Solo Brands (NYSE: SBDS) reported a weaker performance in its fourth quarter of 2025, with both revenue and earnings showing declines compared to the previous year.

Adjusted earnings per share for the fourth quarter were $1.27, down from $1.32 in the same period last year, reflecting a 3.8% decline.

The company’s revenue for the fourth quarter was $94.03 million, representing a 34.5% decrease from the previous year’s $143.5 million.

Segmental revenue for Solo Stove was $72.0 million, a decline of 38.3%, while Chubbies reported net sales of $19.3 million, a decrease of 20.0%. Operating margin for the Solo Stove segment improved to 20.3% from 5.2%, while Chubbies’ margin decreased to 4.5% from 13.7%.
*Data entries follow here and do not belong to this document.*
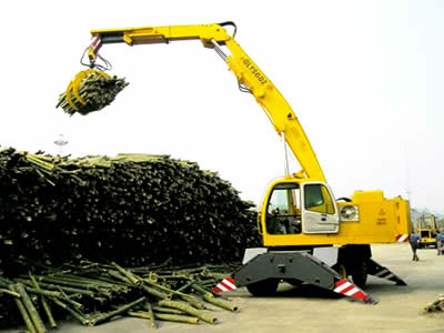 QLYS-DZ系列液壓輪胎式抓料機(jī)是一種流動式裝卸、堆垛和拆垛專用設(shè)備,含有多項(xiàng)專利技術(shù)。該產(chǎn)品采用折疊式吊臂,克服了汽車起重機(jī)軟索起重時(shí)抓斗易打轉(zhuǎn)和作業(yè)時(shí)無下壓力,而對較積實(shí)的物料抓取效果差等不足。是對草葦、木材、毛竹、廢紙、土、砂、石等泡松散軟原料進(jìn)行裝卸、堆垛和拆垛作業(yè)的最佳設(shè)備。
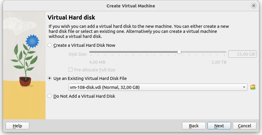 Der erste Befehl listete die VMIDs und Namen auf. Die VMID brauchte ich im zweiten Befehl, um die richtige Datei mit dem Festplattenimage auszuwählen. Die erzeugte VDI-Datei kopierte ich auf den Laptop und importierte sie in VirtualBox. Dazu startete ich mit <Ctrl-N> den Dialog zum Anlegen einer neuen VM.
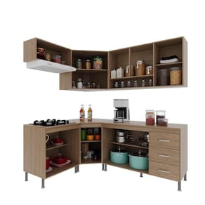 Os módulos são avulsos (cada peça é independente uma da outra) possibilitando assim vários arranjos, o espaço interno, que vem com prateleiras e divisórias, é ótimo para organização dos utensílios e mantimentos. Fabricados em material resistente, como chapas de MDP 15mm, corrediças telescópicas e dobradiças metálicas. Com puxadores cromados em ABS, pés em plástico com regulagem de altura.
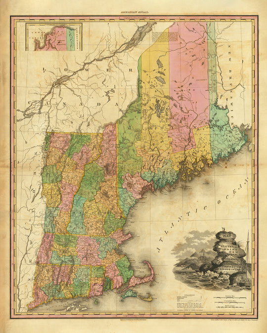 Sumérjase en el tapiz histórico de Nueva Inglaterra con esta exquisita reproducción del "Mapa antiguo de Nueva Inglaterra" de H. S. Tanner. Explore en detalle los asentamientos, condados, lugares emblemáticos y maravillas naturales que daban forma a la región en 1820. Este mapa es a la vez una cautivadora pieza histórica y una impresionante muestra de arte cartográfico, lo que lo convierte en una valiosa adición a cualquier colección o en un regalo bien pensado para los entusiastas de la historia, los amantes de los mapas y cualquier persona fascinada por el rico patrimonio de Nueva Inglaterra.
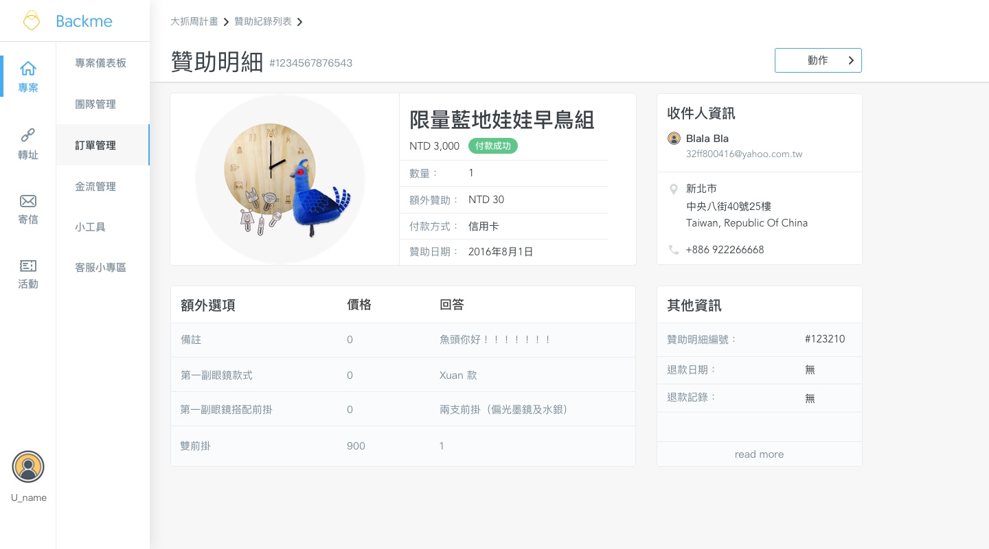 贊助清單及回饋品報表、電子報寄發
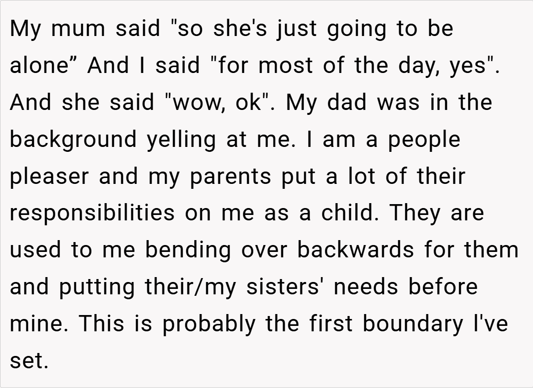 can be on her own for most of the day. Her parents, however, remain insistent that she find a way to supervise her, despite her offering a reasonable compromise: having her sister stay with her in the evenings for companionship. Feeling pressured and setting the boundary for the first time, she snapped at them, which only escalated the tension.
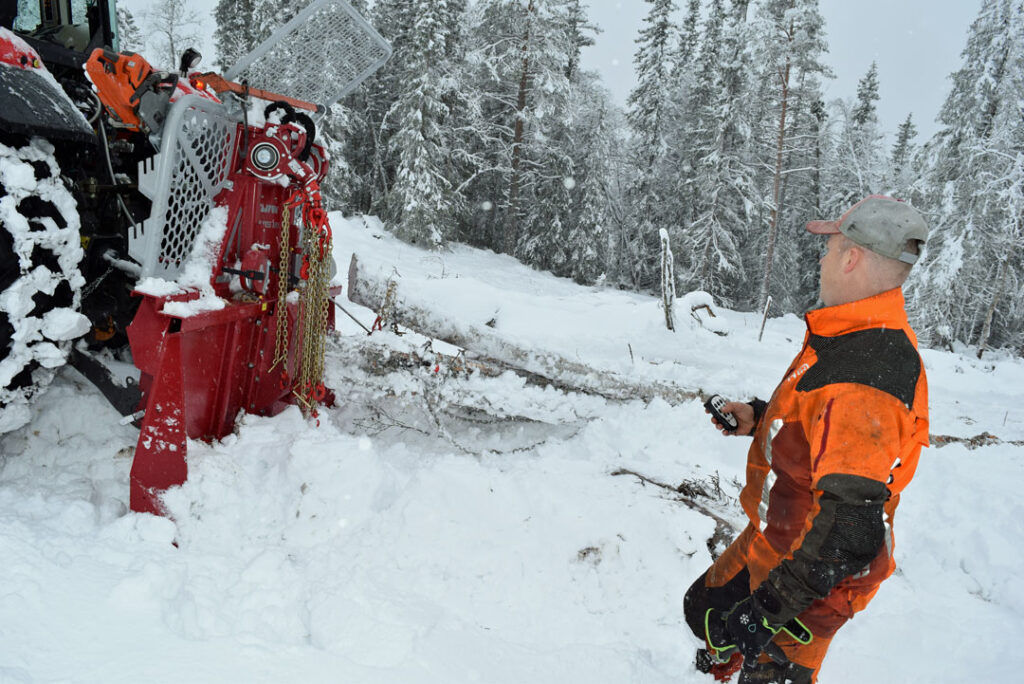 – Jeg jobber ikke i skogen når det er mørkt. Da bruker jeg heller tiden på å kappe tømmeret jeg har fraktet ned til leggeplassen, forklarer han.
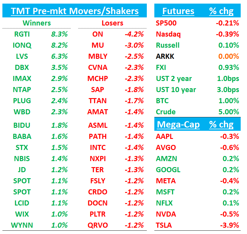 STM −9.5%: Q4 guide light, recovery slower. Q3 beat at $3.19B/$0.29 vs $3.17B/$0.22, but Q4 rev guided to $3.28B (±350 bps) vs $3.35B and GM to 35% (±350 bps) vs 34.6%. Management cited normal seasonality (lower auto capacity-reservation fees) and continued industrial inventory digestion. GM lift comes from better manufacturing efficiency; inventories seen stable near term with a seasonal uptick in 1H’26. Industrial demand solid in power/energy and robotics; consumer remains soft; MCU inventories normalized.
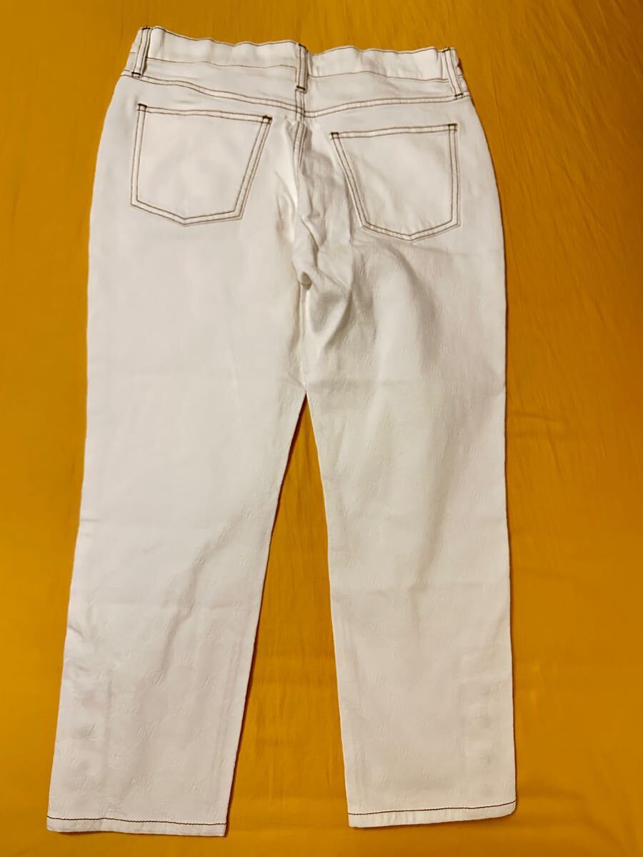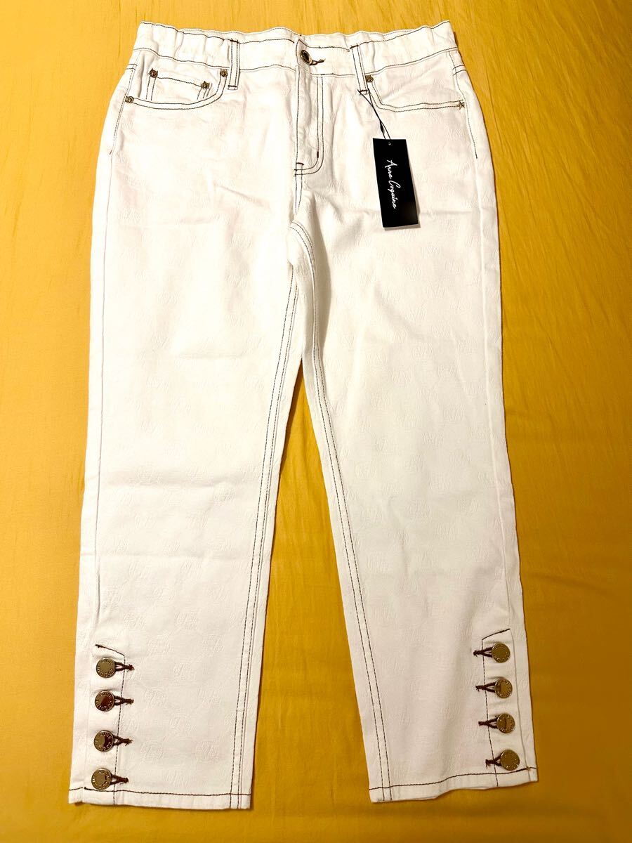 Product name: アンコキーヌ モノグラム ジャガード スリムパンツ サイズL ホワイト 60cm QVC Anne Coquine 金ボタン コキラー
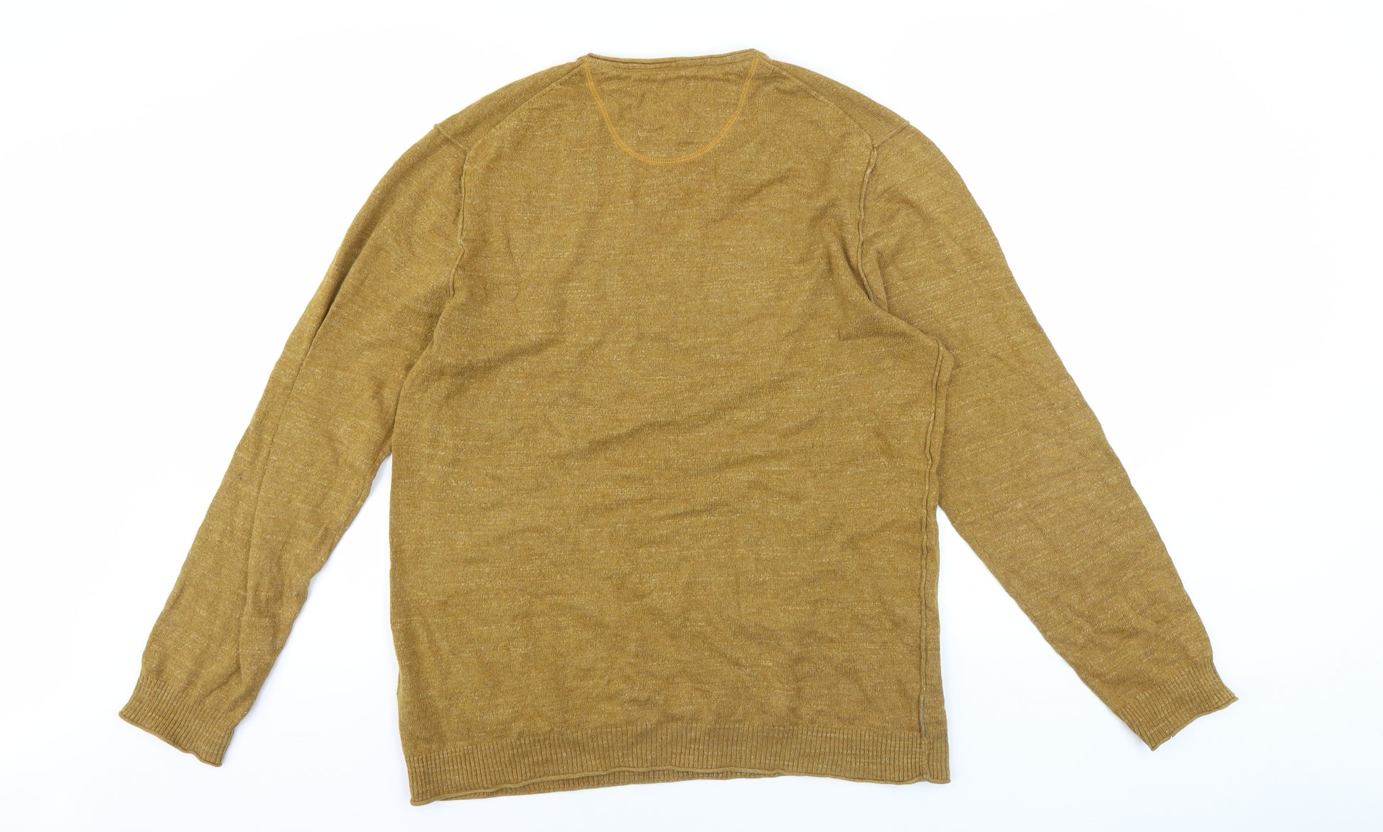 Upgrade your wardrobe with this classic men's brown pullover jumper. Crafted from 100% cotton, this knit piece is designed to offer unmatched comfort and style. The rich brown hue and V-neckline add a touch of elegance, making it an ideal choice for both casual and slightly formal settings. Designed for a regular fit, this jumper ensures ease of movement with its long sleeves, perfect for layering during the cooler months. Whether you're dressing up for a weekend outing or staying in for a cosy evening, this versatile pullover has you covered. Though this piece shows slight wear, it remains in excellent condition, promising durability and timeless appeal. Enhance your collection with this essential piece – a must-have for any fashion-conscious individual looking for quality and style.

Fourth quarter adjusted EBITDA was $9.6 million, or 10.2% of net sales, an improvement from $6.3 million, or 4.4% of net sales. Full-year adjusted EBITDA was $18.5 million, or 5.8% of net sales, down from $32.6 million, or 7.2% of net sales.

“Fiscal 2025 was a year of significant change for Solo Brands. We took decisive actions to simplify the organization, better align our channel strategy with key retail partners, reduce our cost base, and sharpen our focus on profitability and cash generation,” said John Larson, President and Chief Executive Officer.